**PROBLEM REQUIREMENTS**
Using the data below, output a verbatim copy of the lines between the one holding "Figure 2. Inserting" and the one holding "LF-09 News Paper Stand", inclusive, without any pictures.

**DATA FOR PROCESSING**
↓

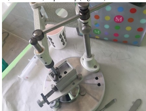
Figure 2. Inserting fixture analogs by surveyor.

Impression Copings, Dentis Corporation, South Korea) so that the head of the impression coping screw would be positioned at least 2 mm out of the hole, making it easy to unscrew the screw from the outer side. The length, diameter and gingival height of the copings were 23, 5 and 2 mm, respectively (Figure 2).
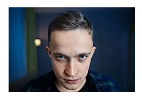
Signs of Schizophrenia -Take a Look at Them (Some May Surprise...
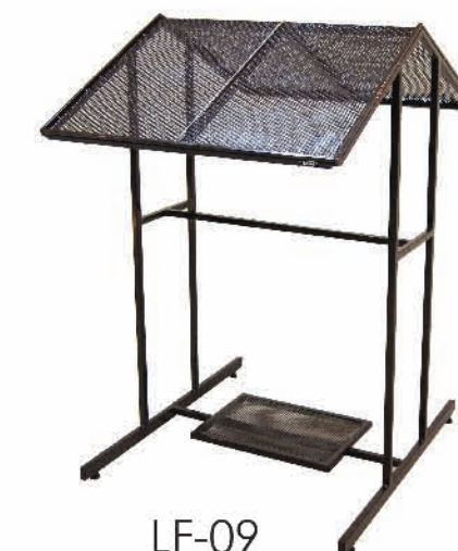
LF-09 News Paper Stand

↑
↓

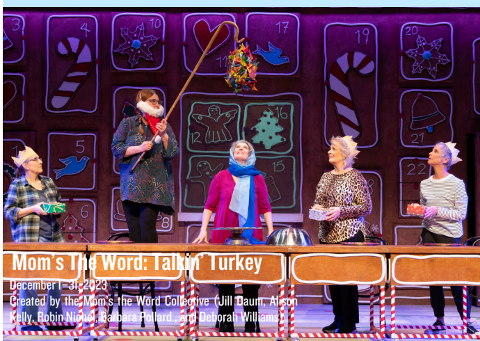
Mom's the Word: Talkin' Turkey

↑

**RESULT FOR THIS TASK**
Figure 2. Inserting fixture analogs by surveyor.

Impression Copings, Dentis Corporation, South Korea) so that the head of the impression coping screw would be positioned at least 2 mm out of the hole, making it easy to unscrew the screw from the outer side. The length, diameter and gingival height of the copings were 23, 5 and 2 mm, respectively (Figure 2).
Signs of Schizophrenia -Take a Look at Them (Some May Surprise...
LF-09 News Paper Stand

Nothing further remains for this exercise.